A new academic report warns that countries in Europe are increasingly running low on energy reserves, and an advocacy group says that as a result, “Energy Dependence Day” is arriving earlier each year.

Some European countries now have less than a year’s worth of energy resources on hand and are growing more reliant on imports from the Middle East, Norway and – most politically sensitive – from Russia, according to a report by the Global Sustainability Institute (GSI) at Britain’s Anglia Ruskin University.

The report, which focuses on maps that detail countries’ energy reserves and consumption, says Britain has 5.2 years’ worth of oil, 4.5 years’ worth of coal and three years’ worth of gas. The news for Italy is worse; it has less than a year’s reserves of gas and coal and only one year’s worth of oil. France has less than a year’s worth of reserves for all three sources of energy.

The outlook is better in Central and Eastern Europe. Poland has 34 years’ worth of coal, and Bulgaria has 73 years’ worth of the same resource. Meanwhile, Germany has more than 250 years’ of coal reserves but only 2 years’ worth of gas and less than a year’s worth of oil.

And then there is Russia, Eurasia’s energy behemoth, with more than 50 years’ worth of oil, more than 100 years’ worth of gas and fully 500 years’ reserves in coal.

All this means that Europe, particularly Western Europe, is becoming increasingly dependent on imports, according to Aled Jones, director of the Anglia Ruskin’s GSI.

“These maps show vulnerability in many parts of the EU,” Jones said, “and they paint a picture of heavily indebted European economies coming under increasing threat from rising global energy prices.”

The only recourse for these countries is an accelerated effort to develop alternative energy sources, said Victor Anderson, a professor at the Global Sustainability Institute.

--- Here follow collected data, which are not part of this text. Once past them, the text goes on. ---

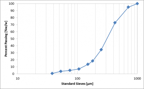 In this work, tap water is added to fine silica sand in order to perform specimens with different clay content (up to 50%w/w); the particle size distribution of sand is measured according with UNI EN 933-1:2012 and showed in Figure 3.
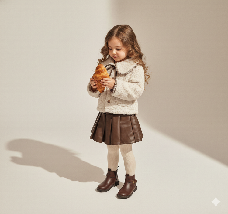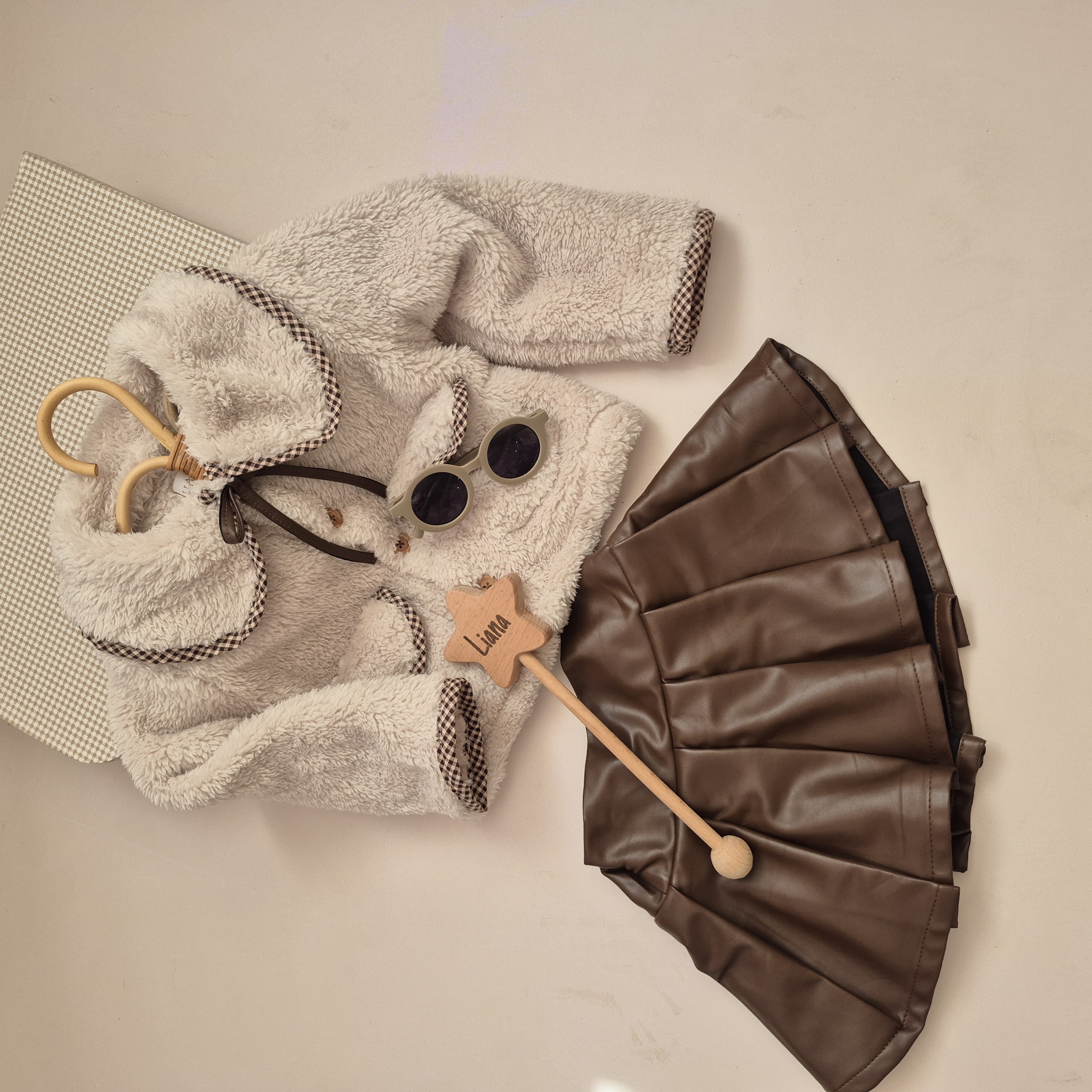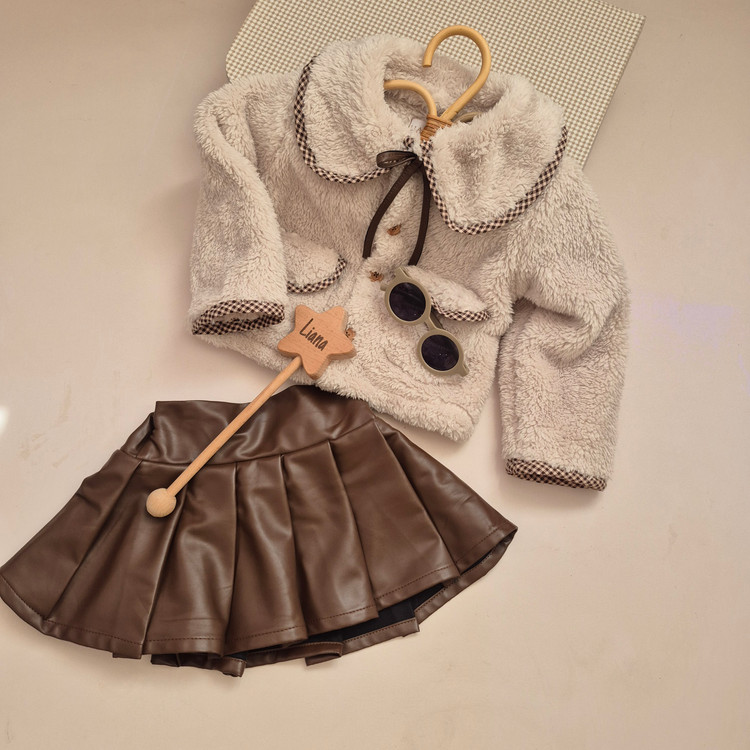 ست کت تدی و دامن چرم دخترانه مدل برفا
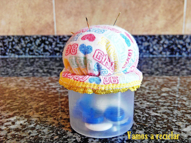Para mi nuevo costurero se me ocurrió hacer un alfiletero y, por supuesto, reciclado.
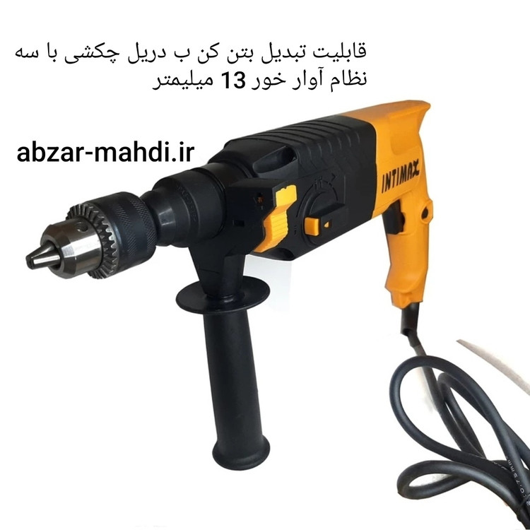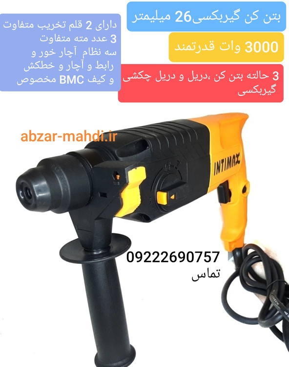 بتن کن گیربکسی 26 میلیمتر 3000 وات صنعتی 3 کاره اینتیمکس مدل0326به همراه 3 مته و دوقلم و سه نظام آچار خور و کیف BMC جنس اصلی
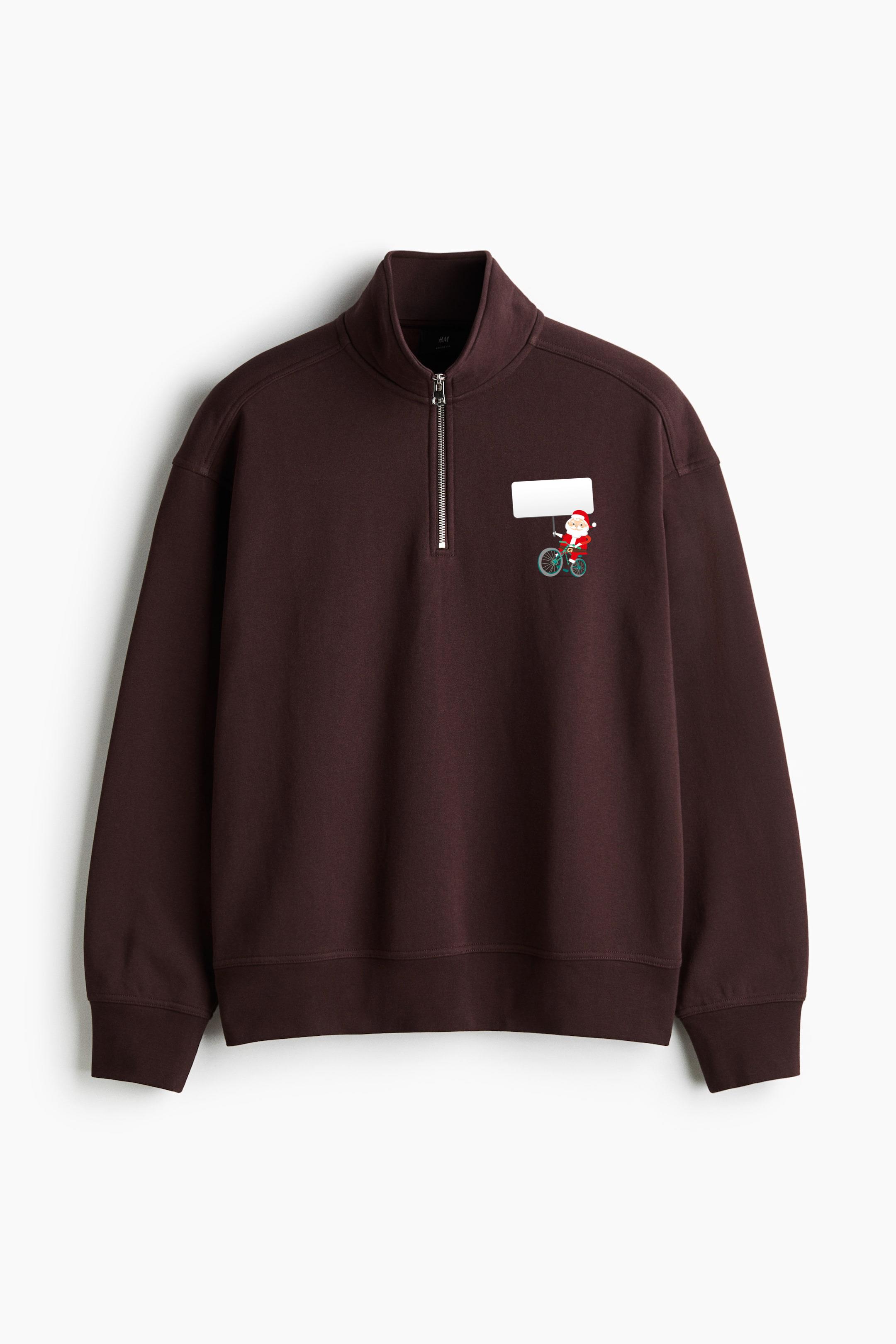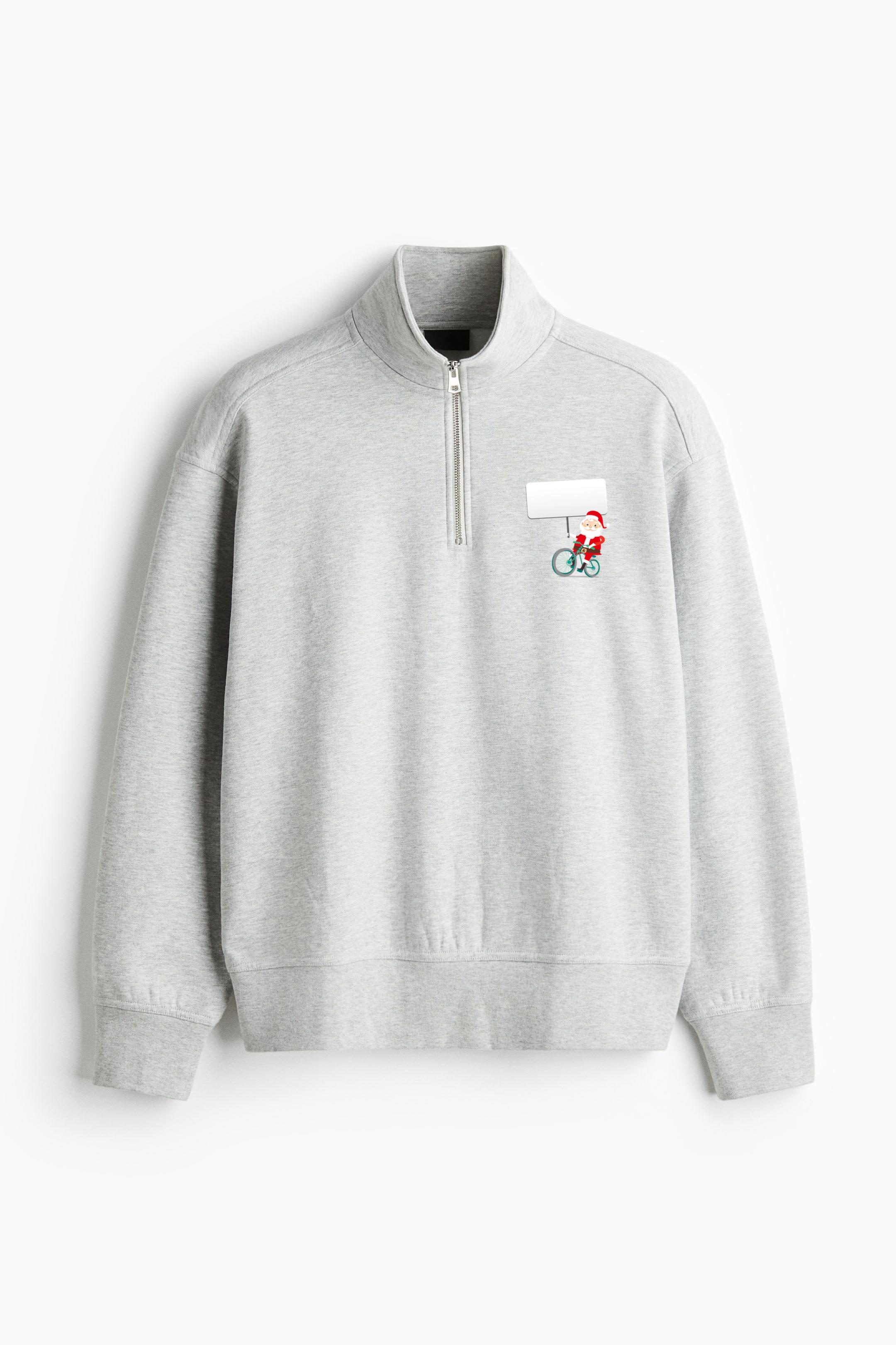 Santa Holding Banner On Bike Loose-Fit Sweatshirt Collar Jacket Loose-Fit Sweatshirt Collar Jacket – Casual Zip-Up Fleece Jacket with Ribbed Collar and Relaxed Silhouette
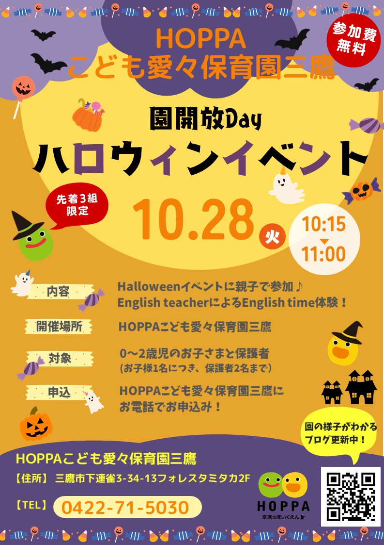 【東京都三鷹市】園体験イベント開催のお知らせ~ハロウィン🎃~【HOPPAこども愛々保育園三鷹】
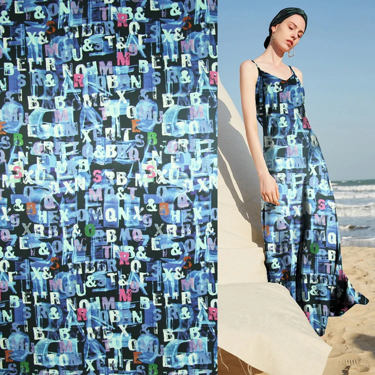 Модные синие слова печати шелк, хлопок, сатин смешанная ткань удобные, SCT572
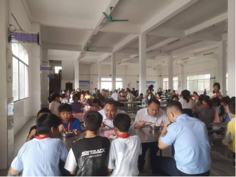 检查结束后,义国友一行在大石桥乡中心小学的陪餐席与学生们共进午餐,实地感受饭菜的口味及就餐环境的便利性,并与学生们亲切交流,听取他们对食堂饭菜和学校生活的意见与建议。
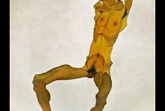 Respecto a la figura humana, primordialmente los desnudos femeninos individuales, aparecen en diversas posiciones: entrelazados, abrazándose, en parejas o a nivel individual, o incluso se dejan ver imágenes de maternidades. De todos modos, suelen ser desnudos provocativos, aunque sin especial significancia. El erotismo que se advierte en sus pinturas y dibujos no refleja la idea de representar el sexo desde una óptica de deseo y de placer, sino más bien lo hace desde una visión irónica y grotesca. Por ello, en Liegende Frau (1917), vemos a una mujer semidesnuda con las piernas abiertas y mostrando sus pechos descubiertos, o Two Squatting Women (1918), en que se ve a dos mujeres desnudas sentadas mirando al espectador. La candidez o seriedad de ambas obras no indican una sensación de deseo, a pesar de que van desprovistas de ropa, pero ello no significa que se las deba considerar como "pornográficas". Precisamente el hijo del coleccionista Rudolf Leopold Diethard, defiende el trabajo del artista ya que "no abusó nunca de nadie, sólo retrató el despertar erótico de los adolescentes, algo que existe en la vida real, aunque algunos no lo quieran ver, y aquí creemos que un museo es el lugar en el que este tipo de cosas deben ser mostradas abiertamente", y llega a la conclusión que la censura que ha padecido es totalmente ridícula e injusta. En cambio, sí que hay una obra como es Cardenal y monja (1912), en que se ve a los dos religiosos abrazándose, circunstancia ésta, que rompe algunos de los tabúes de la Iglesia como es la relación carnal entre personajes adscritos a ella, pero en cambio no ha tenido tanta repercusión mediática como el resto de sus desnudos.

The shrinking energy reserves mean that Europe is increasingly accelerating the arrival of “Energy Dependence Day,” when it can no longer rely on its own resources and reserves but must import energy.

This was the conclusion of a report delivered May 16 to European energy ministers making up the Energy Council in Athens. It was prepared by the European Alliance for Energy Efficiency in Buildings (EuroAce), which advocates for improved energy in buildings.

EuroAce tracked fossil fuel use in Europe for the past two decades and found that during that period it rose from 43 percent in 1995 to 54 percent in 2011. That increase was due in large part to increased demand for energy in buildings and a simultaneous decline in indigenous energy production, it said.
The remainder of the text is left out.